═══ RECORDED DATA ═══

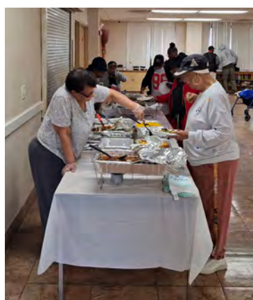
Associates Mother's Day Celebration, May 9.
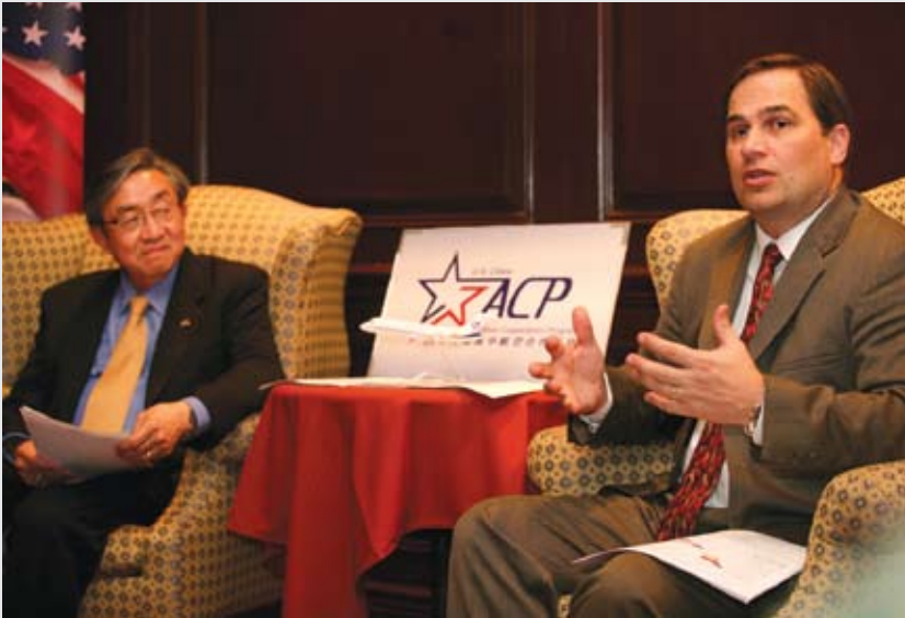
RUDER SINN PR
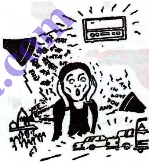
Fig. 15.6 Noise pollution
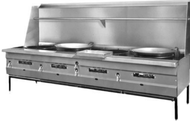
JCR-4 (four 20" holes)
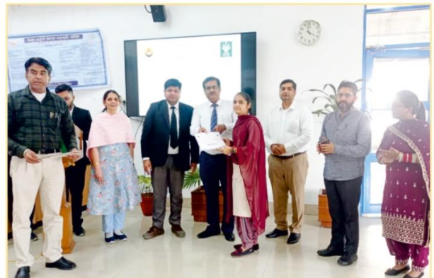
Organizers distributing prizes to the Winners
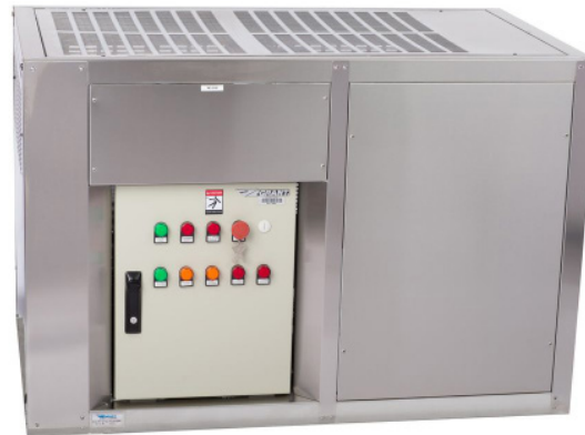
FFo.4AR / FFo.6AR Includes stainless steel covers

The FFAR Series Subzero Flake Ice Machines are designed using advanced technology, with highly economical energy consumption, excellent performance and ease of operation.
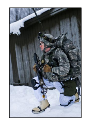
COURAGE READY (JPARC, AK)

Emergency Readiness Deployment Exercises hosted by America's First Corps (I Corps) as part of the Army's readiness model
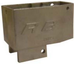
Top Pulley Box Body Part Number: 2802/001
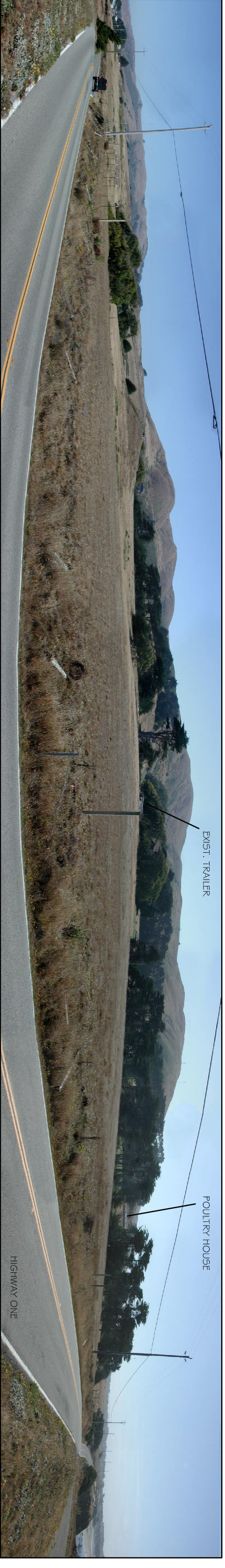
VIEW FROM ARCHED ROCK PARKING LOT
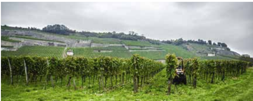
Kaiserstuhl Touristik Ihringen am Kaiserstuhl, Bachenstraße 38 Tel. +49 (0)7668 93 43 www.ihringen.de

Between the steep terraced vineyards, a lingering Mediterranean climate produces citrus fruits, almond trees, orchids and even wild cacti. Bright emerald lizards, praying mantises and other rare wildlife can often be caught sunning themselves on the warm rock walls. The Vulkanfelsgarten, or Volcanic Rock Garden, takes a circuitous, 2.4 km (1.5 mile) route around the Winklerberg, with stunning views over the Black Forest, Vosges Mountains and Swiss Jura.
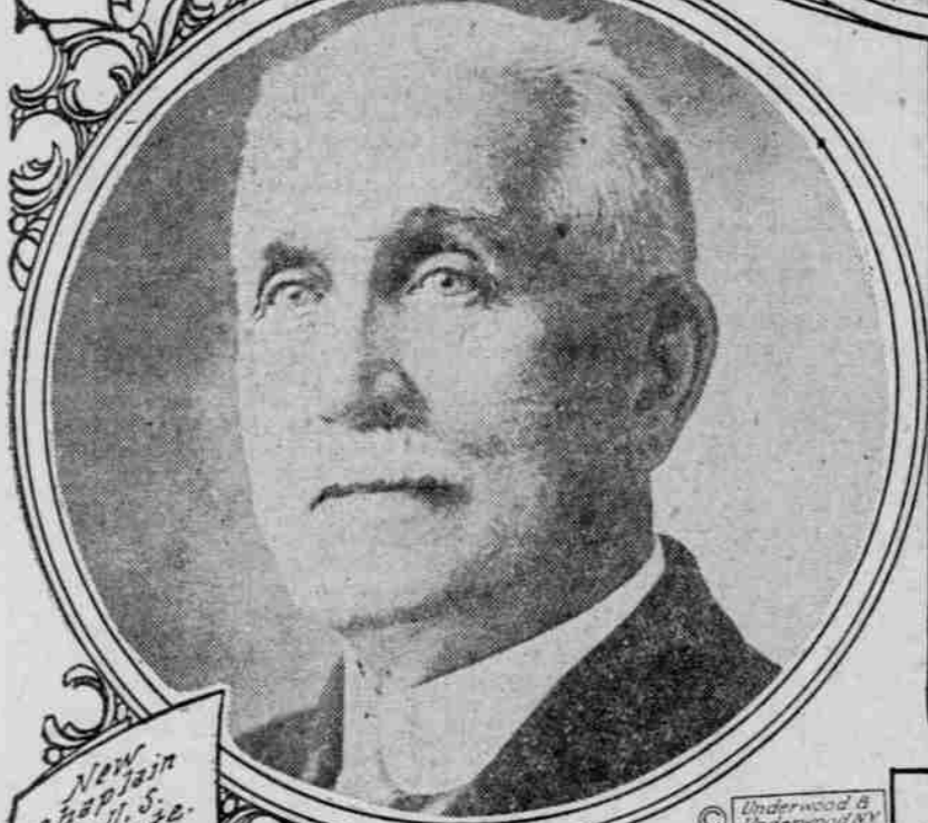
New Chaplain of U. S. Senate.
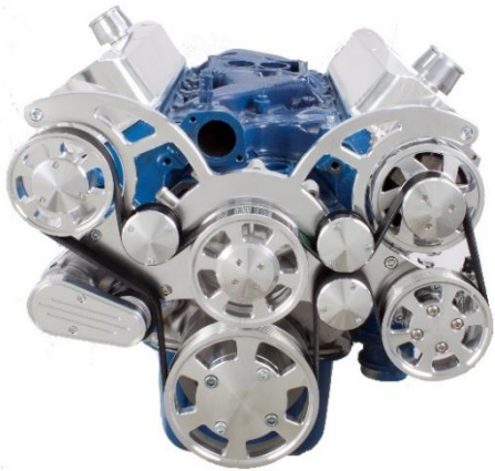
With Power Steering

═══

* _WHAT THIS TASK INVOLVES_
Could you retype each line of the material above exactly, skipping the pictures?

* _SOLUTION TO THE PROBLEM_
Associates Mother's Day Celebration, May 9.
RUDER SINN PR
Fig. 15.6 Noise pollution
JCR-4 (four 20" holes)
Organizers distributing prizes to the Winners
FFo.4AR / FFo.6AR Includes stainless steel covers

The FFAR Series Subzero Flake Ice Machines are designed using advanced technology, with highly economical energy consumption, excellent performance and ease of operation.
COURAGE READY (JPARC, AK)

Emergency Readiness Deployment Exercises hosted by America's First Corps (I Corps) as part of the Army's readiness model
Top Pulley Box Body Part Number: 2802/001
VIEW FROM ARCHED ROCK PARKING LOT
Kaiserstuhl Touristik Ihringen am Kaiserstuhl, Bachenstraße 38 Tel. +49 (0)7668 93 43 www.ihringen.de

Between the steep terraced vineyards, a lingering Mediterranean climate produces citrus fruits, almond trees, orchids and even wild cacti. Bright emerald lizards, praying mantises and other rare wildlife can often be caught sunning themselves on the warm rock walls. The Vulkanfelsgarten, or Volcanic Rock Garden, takes a circuitous, 2.4 km (1.5 mile) route around the Winklerberg, with stunning views over the Black Forest, Vosges Mountains and Swiss Jura.
New Chaplain of U. S. Senate.
With Power Steering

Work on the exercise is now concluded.